Dans son utopie à elle, elle n’est qu’une de plus parmi eux, à survivre, d’une manière ou une autre, dans l’insupportable.

Elle a fini par comprendre. Pour ne pas perdre la raison, elle doit s’évader loin, tout au moins en pensée. Ne plus lire ou entendre dans le journal ou ailleurs. Gauche, droite… Impérialisme, fascisme ou communisme… Des mots prononcés maintenant avec l’élégance du son z au lieu du s, mais qui pour elle malgré tout, n’ont aucun charme!

S’évader dans l’écriture. Oui. Inventer des mots. Des mots pleins d’euphorizmes. Mieux encore d’utopirizmes! Tous les jours. Loin. Dans une autre vie, ailleurs, dans une autre maison, un autre monde. Une autre planète.

Dans son cercle parallèle. Si réelle plus que jamais dans sa tête.

Elle ferme un instant les yeux, son souffle est lent, rempli de paix, de plénitude. La flamme odorante semble envahir la pièce. La Muse vient d’arriver, la comblant d’éloquence… «À vos ordres, Calliope!»
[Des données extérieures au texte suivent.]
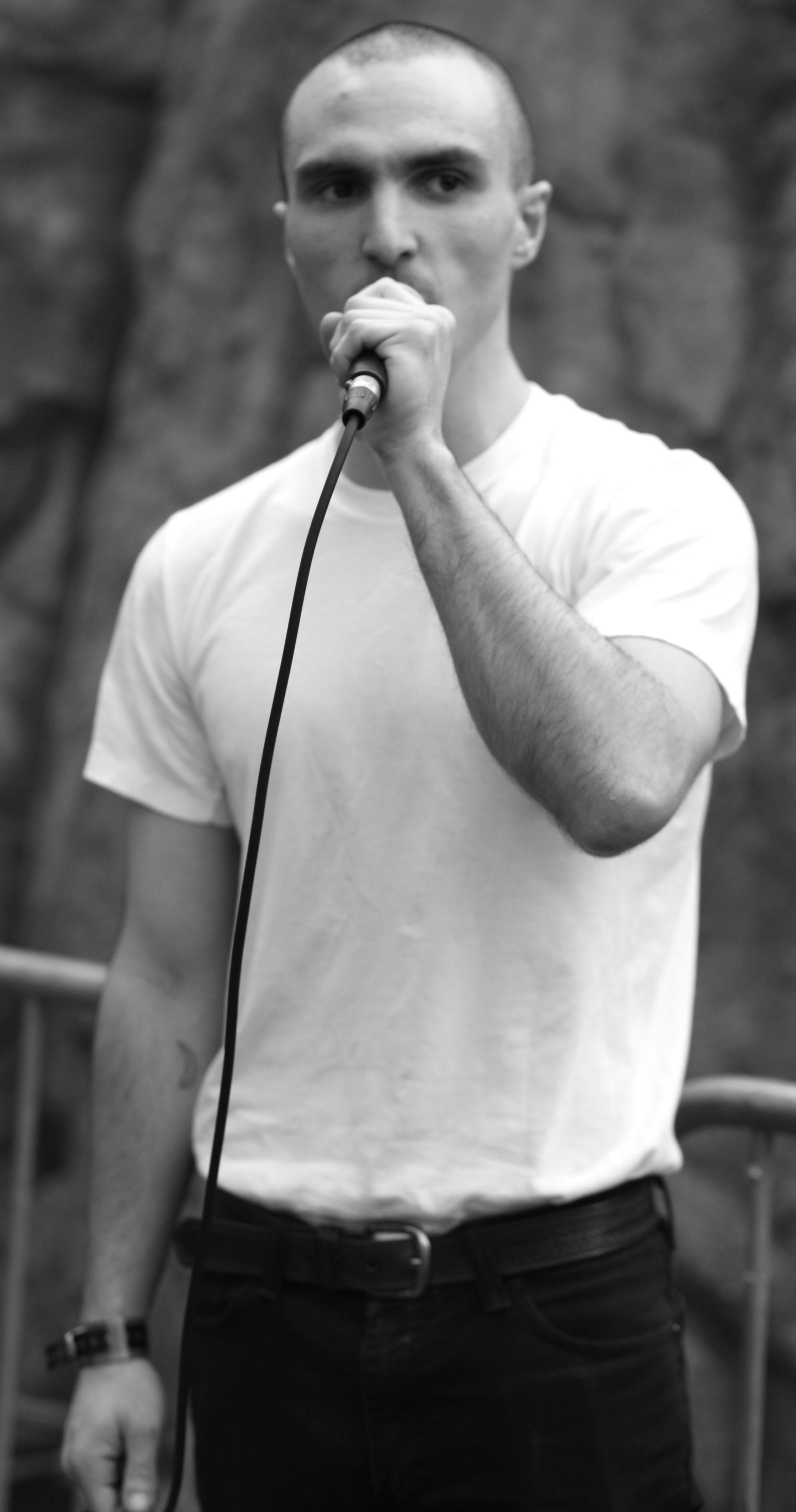 Devon Welsh, Majical Cloudz, SPIN house, SXSW 2013

Le papier recyclé ce matin est encore de couleur sombre. D’un bleu nocturne. Sur la planche de bois délavée, elle regarde inlassablement les doigts de son homme bouger. «Qu’il est beau ce matin!» Le pinceau glisse d’un trait sûr. Minutieux. Comme lorsque le friselis de ses doigts le long de sa nuque, son échine, la font parfois hurler de désir. Intérieurement… Dans son vertige, elle le regarde encore, il est là. Plus besoin de réfléchir sur la restitution ou mondialisation. Alors sans retouche l’homme ajoute sur le papier sombre une boule flamme qui pourrait ressembler au soleil glissant sur les vagues. Il lui sourit, les notes du piano vont s’arrêter. Elle peut maintenant revenir à sa réalité. Le pinceau glisse et glisse une fois de plus sur le papier. Dans le brouillard, la flamme dans son fantasme est encore plus brillante ce matin. Je t’aime lui semble-t-il lire sur les lèvres de l’homme. Elle peut enfin le laisser terminer son tableau.

Une œuvre simple, comme toutes les autres. Tout comme sa vie à elle, parallèle. Colorée, réussie.